The relationship of the group to the point of aim doesn't change the size of the group, nor the "accuracy" of the gun. Sometimes very accurate guns need a sight adjustment.


----------



## DJ Niner (Oct 3, 2006)

Dsig1 said:


> ...
> 
> Or, is the "Group" an entity on its own, unrelated to a "bullseye" point, and the size of the group measures from the two furthest shots within that group regardless of where it is on the target?
> 
> ...


This is the definition I use.



Dsig1 said:


> So, essentially, it's possible to shoot a 1" group and miss the intended target by multiple inches and thus measuring consistency of the shooter and gun combination.


On occasion, I've done that on purpose, when I needed to shoot several groups of different ammo brands/types on a single target. I would adjust the sights to print the first group high-and-left, then re-adjust the sights for high-and-right on the second group, and so on. You get to use the same highly defined aiming point (the center of a clean, non-shot-up target), and still have several separate, clearly-defined groups to evaluate for consistency, size, stringing, etc.

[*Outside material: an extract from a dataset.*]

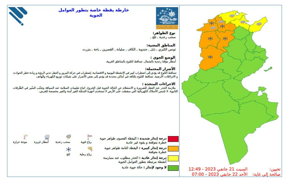 أسند المعهد الوطني للرصد الجوي، في تحيين لأحوال الطقس، اللون البرتقالي لولايات باجة وجندوبة وسليانة والكاف والقصرين في خارطة اليقظة الخاصة بتطور العوامل الجوية، ممّا يعني المرور إلى مستوى حذر عال نتيجة للتراكمات الثلجية المتوقعة والتي قد تكون كثيفة أحيانا بالولايات المذكورة، مما قد ينجر عنه تعطل حركة المرور وعزلة بعض المناطق.

If a person wants to evaluate the size _AND_ location of a group at the same time, they usually use a target with scoring rings. On this type of target, you are rewarded for having both a tiny group, and having that group closely centered on the target. If all the shots regularly end up in the center scoring ring, shooters have the options of increasing the distance to the target, decreasing the size of the scoring rings (or the entire target), shortening the amount of time allotted to shoot all shots, or moving to a less-supported shooting position, any/all of which will increase the difficulty of achieving a high score.


----------